Description
When calculating parallelism, we end up using HiveDefaultCostModel. getSplitCount which returns null instead of HiveOnTezCostModel.getSplitCount which results in wrong parallelism.
This happens for this join
org.apache.calcite.plan.RelOptUtil.toString(join) (java.lang.String) HiveJoin(condition=[=($1, $3)], joinType=[inner], algorithm=[none], cost=[not available]) HiveProject(cs_sold_date_sk=[$0], cs_bill_customer_sk=[$3], cs_sales_price=[$21]) HiveTableScan(table=[[tpcds_bin_orc_200.catalog_sales]]) HiveJoin(condition=[=($1, $2)], joinType=[inner], algorithm=[MapJoin], cost=[{2400000.0 rows, 6.400008E11 cpu, 1294.6098 io}]) HiveProject(c_customer_sk=[$0], c_current_addr_sk=[$4]) HiveTableScan(table=[[tpcds_bin_orc_200.customer]]) HiveProject(ca_address_sk=[$0], ca_state=[$8], ca_zip=[$9]) HiveTableScan(table=[[tpcds_bin_orc_200.customer_address]])

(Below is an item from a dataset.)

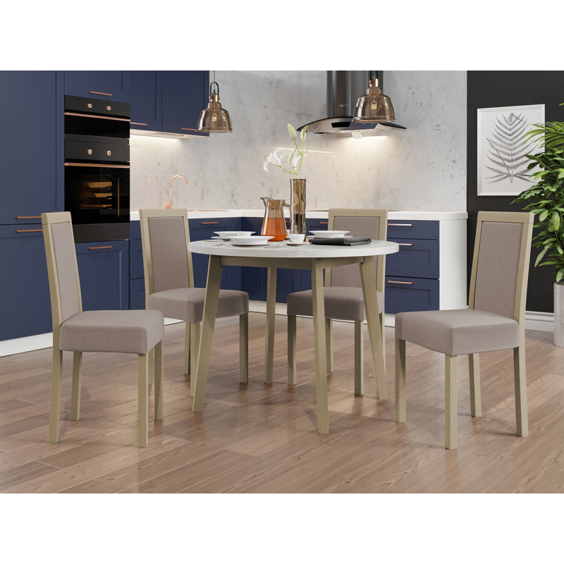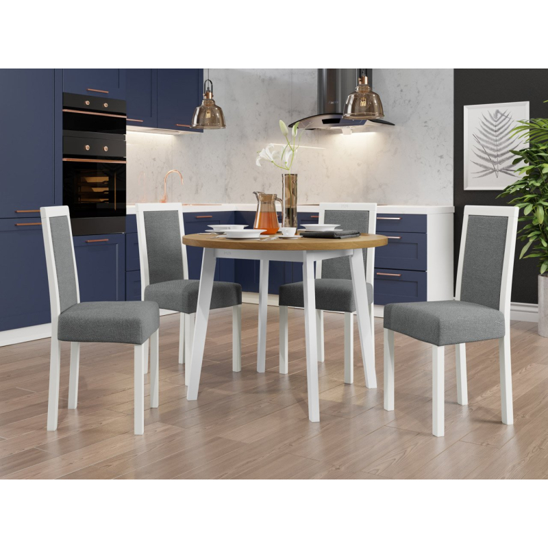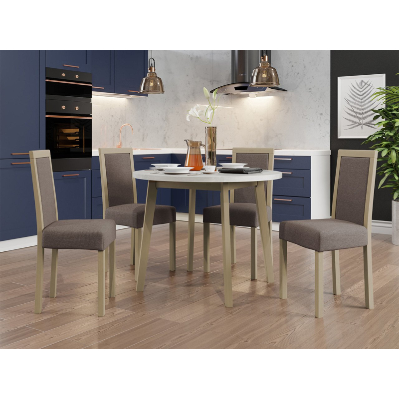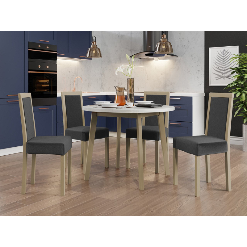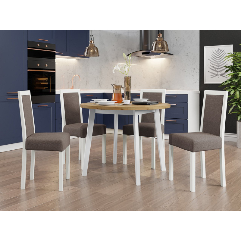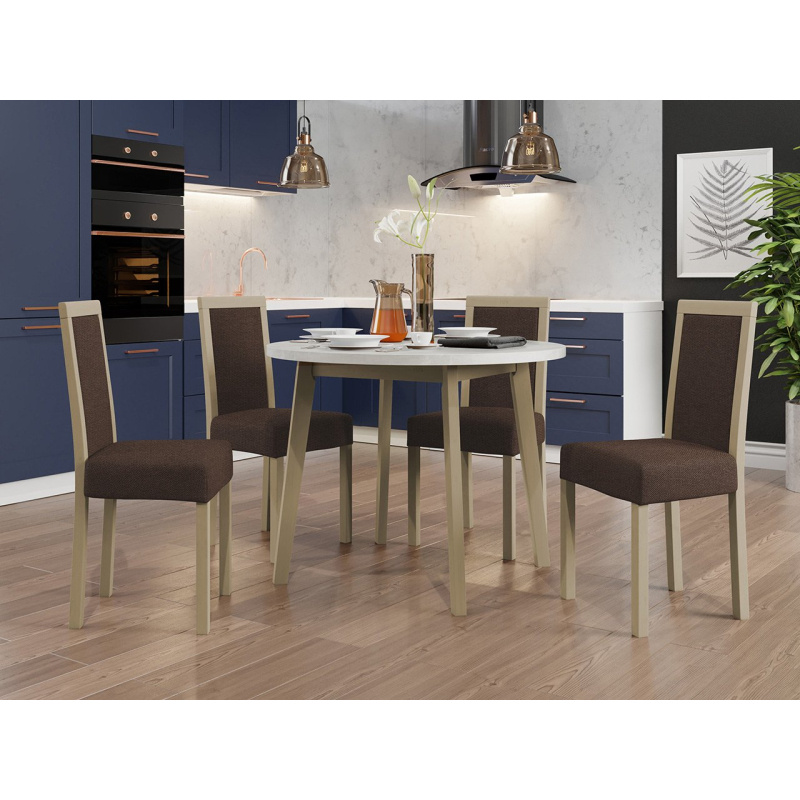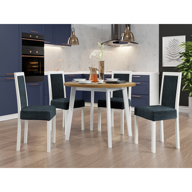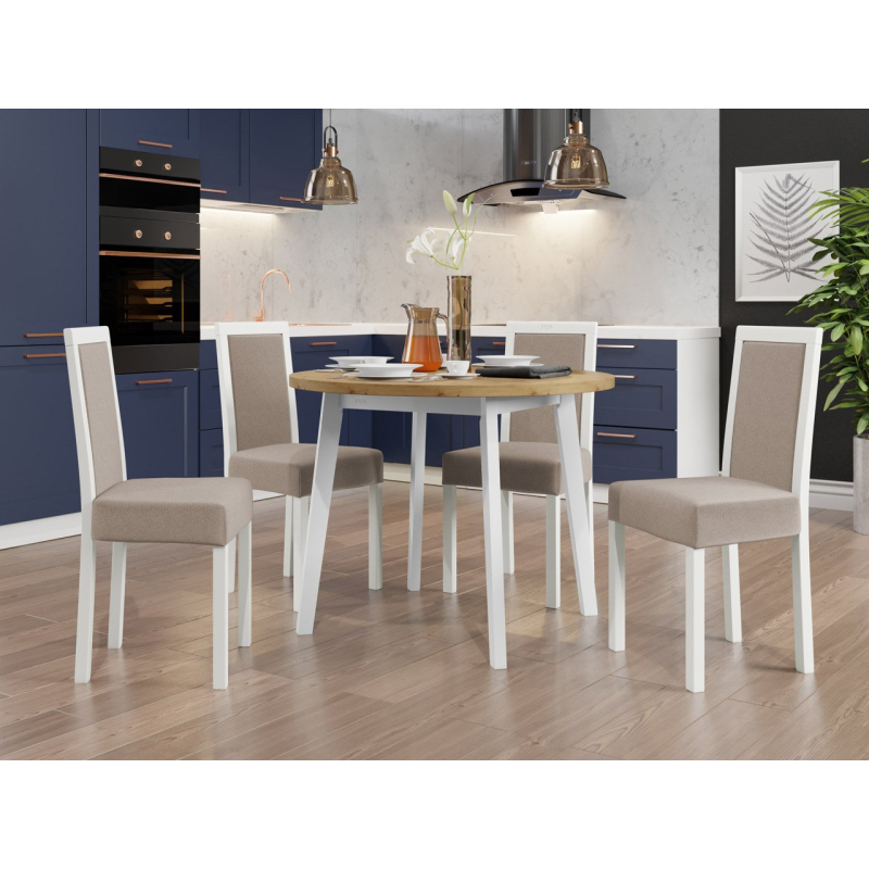 Náš krásný kulatý stůl se čtyřmi elegantními židlemi je ideální volbou pro vaši jídelnu nebo obývací pokoj. Dodá vašemu prostoru jedinečné kouzlo a vytvoří dokonalé místo pro setkání a společné stolování.

The issue appears to be happening very early when calling
if (pushDownTree != null) { costPushDown = RelMetadataQuery.getCumulativeCost(pushDownTree.getJoinTree()); }
As pushDownTree.getJoinTree().joinAlgorithm = HiveOnTezCostModel$TezMapJoinAlgorithm
Call stack.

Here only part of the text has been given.